Two people were elected each year to become the consuls, they who had supreme power over both civil and military. The prime minister of Greece was the head of government, while the Romans had two magistrates called consuls. Greece and Rome were both seen as major political and military powers in the Mediterranean. They also both held a powerful senate. Religiously, Greeks worshiped many gods and godesses, while the Romans were polytheistic. The Romans believed that the soul could not rest until the body is laid to rest, so the body had to be barrier or cremated.

The Greeks believed that at the moment of death, the spirit of the dead left your body in a little puff or wind. But in similarity, they both worshiped the same gods, Rome just changed the names of each god. Intellectually, Education was very important to Romans. The higher class got a formal education, while the lower classes did not receive one.
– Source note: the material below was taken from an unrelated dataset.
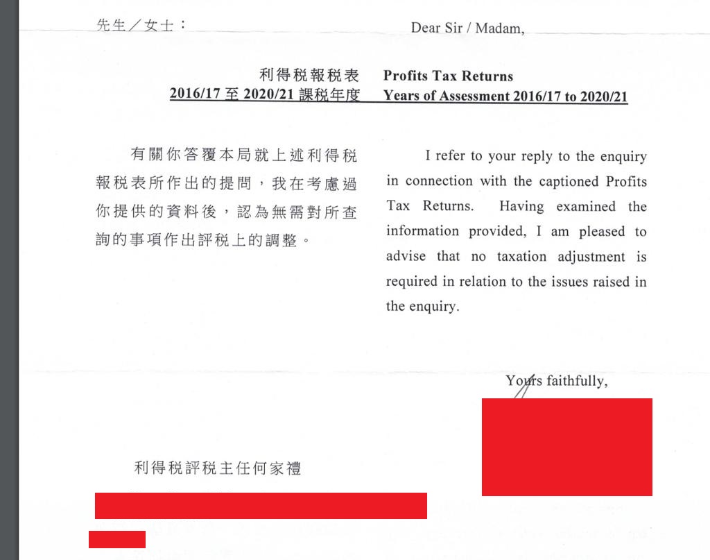 Hong Kong IRD was not satisfied with the response and issued another inquiry letter. At this point, the client reached out to us to request our help. The client was frustrated that there were a number of inquiries issued by Hong Kong IRD. However, the client failed to convince Hong Kong IRD of their offshore claim position.
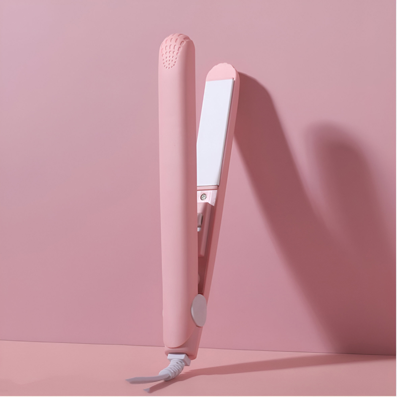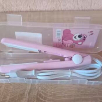 Mini hair straightener. Compact, convenient to take with you, even fit in a small handbag. Always can be carried with you has a small weight, convenient to use, hot quickly. With the help of this mini curling iron, you can quickly fix your hair if suddenly you are caught in the rain. Very happy with this purchase.

I Greece, education was a must, they believed the purpose of education was to produce citizens trained in the arts, and to prepare them for both peace and war. Roman art is mainly sculpture, pottery, and painting.

Greek art mainly includes painting, sculpture, architecture, coin design, and pottery. Virtually every branch of knowledge came from Greece and Rome. Both the Greeks and Romans have been known to be the creators of natural sciences and philosophy. Some of the basic things that the Greeks created were screws, crains, coins, locks, and the thermometer. Romes basic inventions were central heating, roads, indoor pluming, improved weapons and tactics, and barrel vaults. Often times, Greek communities developed independently because of the mountains.

For trading, because due to the landscape it became necessary to get certain resources through exchange with other communities. The Romans on the other hand, they made their shield out of local natural sources like wood and copper. They also had olives to make olive oil from. Both Greeks and Romans used their natural resources to their advantage, like wood for fires and furniture, crops for food, and other useful resources. The economy of Greece, was characterized by the extreme importance of importing goods, all the more so because of the relative poverty of Greece’s soil.

The economy of Rome was based on agriculture, slaves, and trade. Industrial production was only a small part of their economic base. Both had some similar trading and some of the same values on trading. Greece and Rome had their differences, but in many ways they were surprisingly alike. Without traditions and inventions from both Greece and Rome, we would be no where close to what we are today. Therefore, Greek and Rome have impacted our world in a positive way, even though they have differences aside from their similarities.